Integer sequencing

While the author's solution is correct, this hopefully explains it more fully. Each sequence will be an AP with common difference $d=1$ .

Then for any sequence, let $x$ be the first term and $n$ be the number of terms. The sum of the sequence is $[(x) + (x+n-1)]\frac{n}{2}$ (first term plus last term multiply by the number of pairs; where the last term is $x+n-1$ because the sequence is consecutive integers).
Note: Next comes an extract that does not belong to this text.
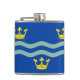 Flacon enveloppé de vinyle avec design avec un drapeau du comté historique de Cambridgeshire, en Angleterre, Grande-Bretagne; drapeau bleu avec trois couronnes dorées et deux vagues
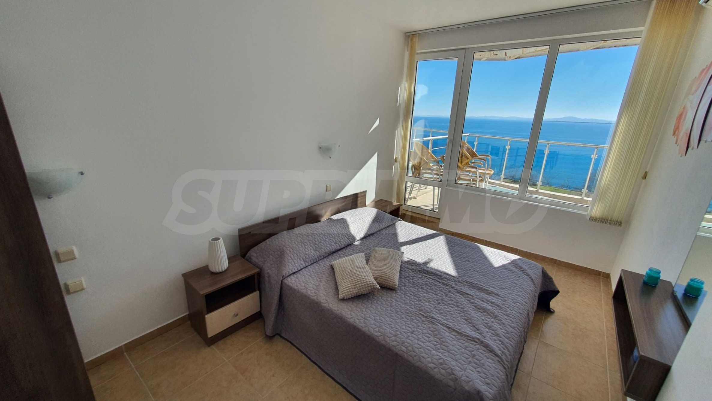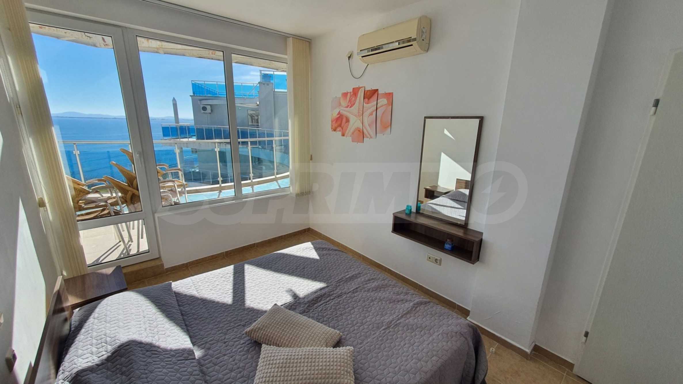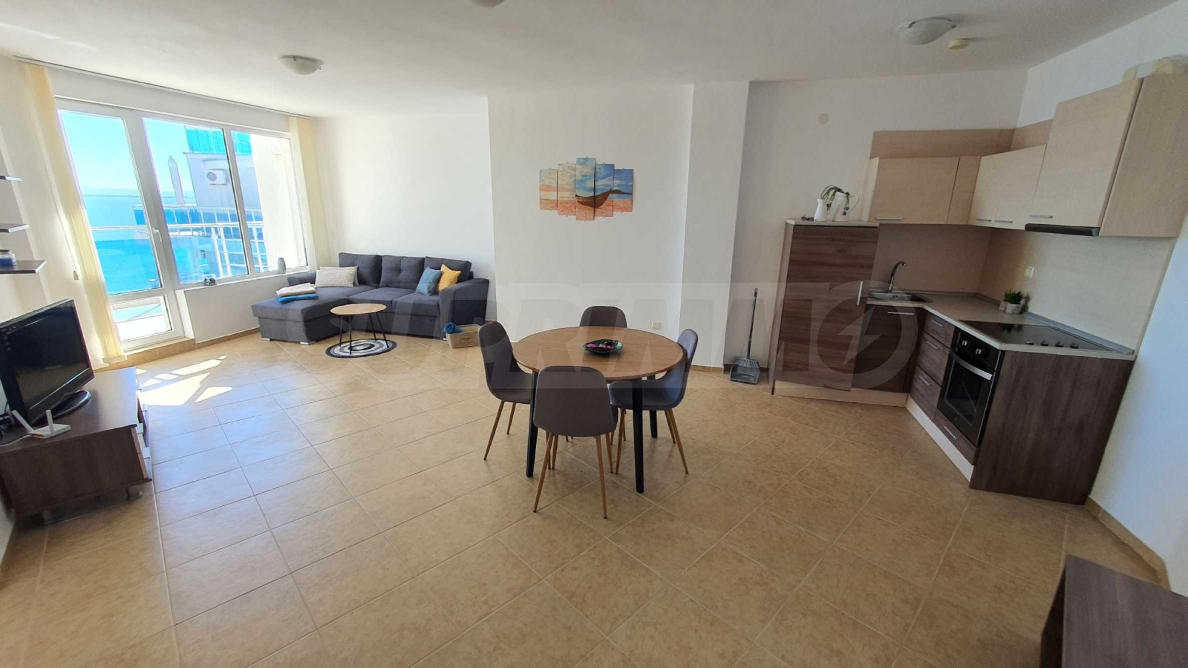 The apartment is located on the 5th floor and offers a frontal sea view from a super spacious terrace. The apartment is modernly furnished and excellently equipped, it is sold with furniture and appliances, it is a suitable option for both personal use and investment.

The sum must equal 30, therefore $(2x+n-1)\frac{n}{2} = 30 \rightarrow 2x+n-1 =\frac{60}{n}$ . Since $n$ is always an integer, $\frac{60}{n}$ is an integer only if $n$ divides 60.

If $\frac{60}{n}$ is an integer, $\frac{60}{n} + 1 - n$ must be even for $x$ to be an integer.

The first sequence must be at least 3 terms long.

if $n = 3$
$2x+3-1 = \frac{60}{3} \rightarrow x=9 \rightarrow$ Sequence is 9, 10, 11, LAST TERM = 11

If $n=4$
$2x+4-1 = \frac{60}{4} \rightarrow x=6 \rightarrow$ Sequences is 6, 7, 8, 9, LAST TERM = 9

If $n=5$
$2x+5-1 = \frac{60}{5}\rightarrow x=4 \rightarrow$ Sequence is 4, 5, 6, 7, 8, LAST TERM = 8

If $n=6$
$2x+6-1=\frac{60}{10} \rightarrow 2x=5 \rightarrow x$ is not an integer

If $n=7, 8, 9$ , $\frac{60}{n}$ is not an integer
If $n=10: 2x+9=6$ and $x$ is negative, but the problem specifies that we are using positive integers, therefore $n$ cannot be larger or equal to 10.

Thus the only 3 sequences are in fact the ones above, and the sum of the last terms is $11 + 9 + 8 = 28$ .

There are 3 such sequences:

9, 10, 11

6, 7, 8, 9

4, 5, 6, 7, 8

The final terms are 11, 9, and 8. 11 + 9 + 8 = 28.